I tapped the familiarity mark on my arm. “I mean…”
“Okay, yes, but that could’ve happened anywhere with so much magic about.”
“Is there anywhere else with that much magic about?”
“Not the point. We made it there and… I feel like we’re missing something, you know? Ugh, this is going to bother me forever.”
“You’re not going back down,” Kylie said firmly.
“No, no. I won’t. I don’t think we’d survive long enough to be dragged out by janitors a second time.”
That was how he’d gotten us out? The janitors? “How had they known we were down there?”
He shrugged. “They were investigating some damage, apparently.”
“Damage? The tooth castle?”
“Probably?”
“Did they explain why they have a creepy as fuck tooth castle down there?”
“I don’t know if you’ve noticed, Kayden, but the school janitors are not particularly enthusiastic conversationalists. Anyway, I didn’t get to speak to them. All three of us were unconscious at the time. I would’ve thought that the teeth were self-explanatory, though.”
I stared. “How?”
“Well, you know how spells are created, right? This place is designed to trap, contain and sell magic. They take yours through the scholarships, but wouldn’t it be better to be able to ensnare them as they’re being born, lure them to be created already inside your trap?”
“Max, if you’re telling me that we went through a trip through the tooth fairy’s castle I am going to fucking lose it.”

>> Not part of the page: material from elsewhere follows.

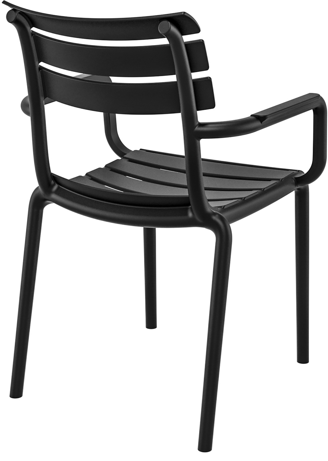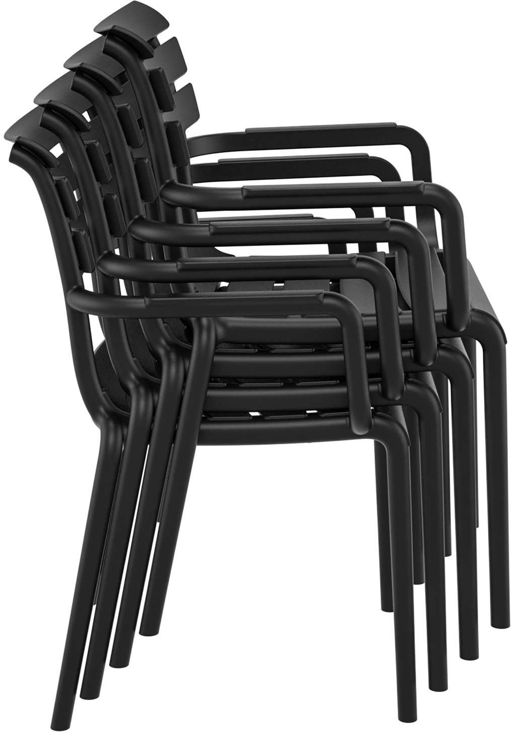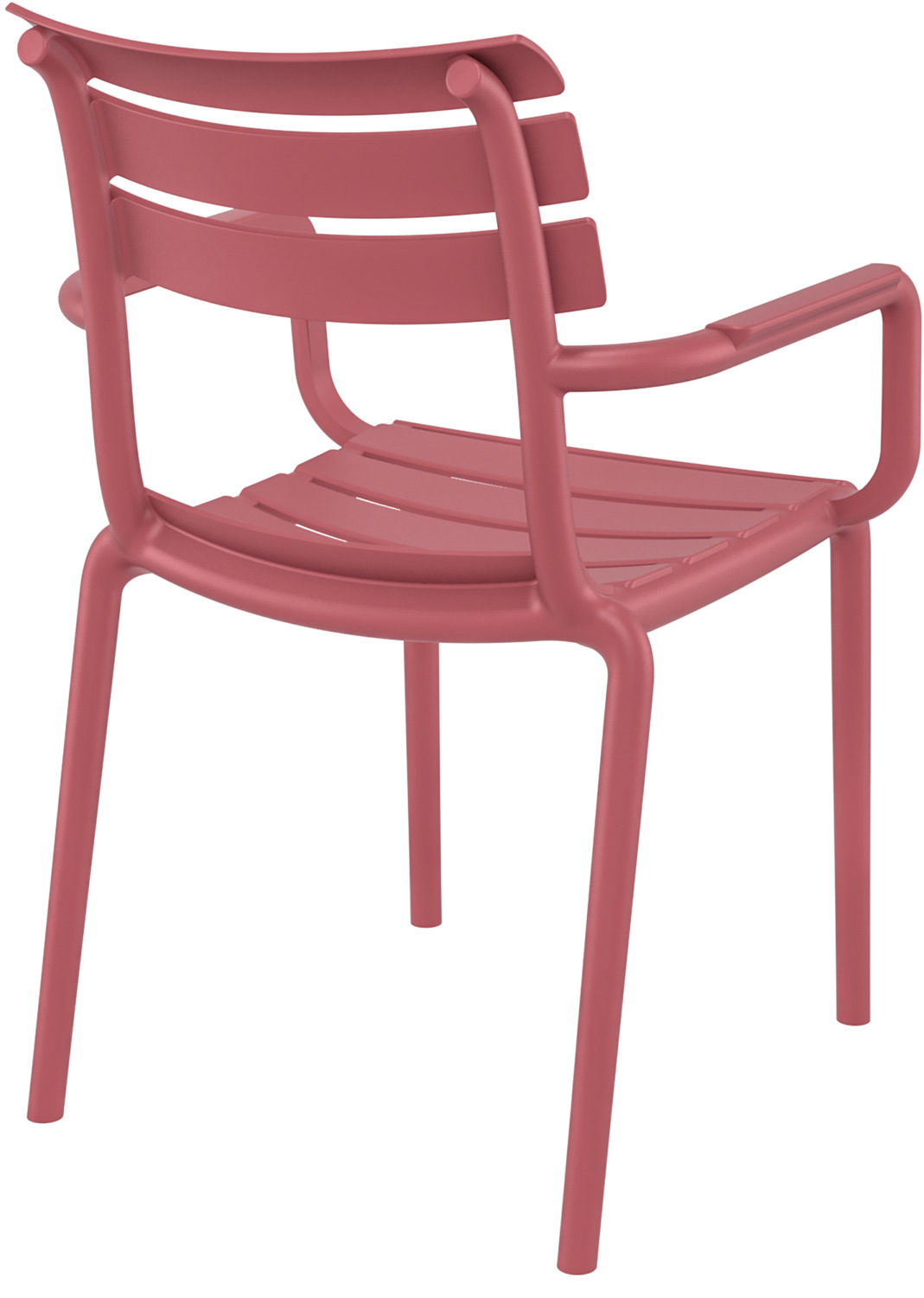 Modern outdoor chair made of fiberglass-reinforced, recyclable polypropylene. Extremely lightweight and robust. Up to five chairs can be stacked. Order the matching chair without armrests at the same time. Suitable for outdoor use. Delivered assembled.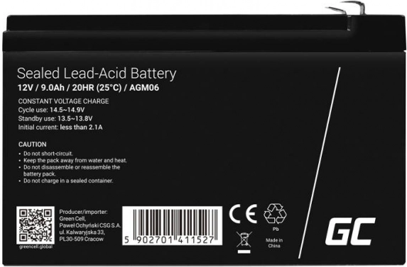 De betrouwbare onderhoudsvrije AGM-accu 12 V 9 Ah van GREEN CELL levert stabiele prestaties voor UPS, alarmsystemen, noodverlichting en speelgoed. Dankzij de VRLA AGM-technologie is hij in elke positie veilig te gebruiken, biedt hij een lange levensduur van 5+ jaar, een laag zelfontladingspercentage en hoge betrouwbaarheid bij zowel cyclisch als standby-gebruik.

“I won’t tell you that, then. I’ll merely point out that the belief of hundreds of millions of children is a powerful thing, and the belief in a ritual that allows the trade of one’s own body parts with a supernatural being as a signifier of growing up and passing development milestones… there are a lot of different kinds of spells that a myth like that can make.”
“And the giant graveyard I found?”
“Death consumes a lot of the human imagination. A massive part of every culture is the thought on death, its meaning, what happens after it and what rituals it entails, as well as the process of grieving and fear of mortality. I’d have to assume that there are several such spaces down there, for different cultures. I mean, I didn’t expect to run into anything like that down there, but it appears that I made several incorrect assumptions, so.”
“Are there real people buried down there?”
“I don’t know. Probably?”
“Fucking hell.”
Max shrugged. “Well, you know what they say. Don’t go poking around the sinister underhalls of your magic school unless you’re prepared to find secret spell trapping graveyards.”
“Do they say that?”
“Probably not. But they should.”
I rolled my eyes and stared out over the crisp snow. Apart from the valley we’d first arrived at the school in, this had been the first outdoor space I’d seen at Skolala Refujeyo, and this, almost a year later, was the first time I’d bothered to actually go out in it. There were so many strange places and even stranger things here, and I simply didn’t have the context to know what we were going to run into next, or even how to deal with the consequences of the things we’d already found.
But if we stuck together, we could probably figure it out.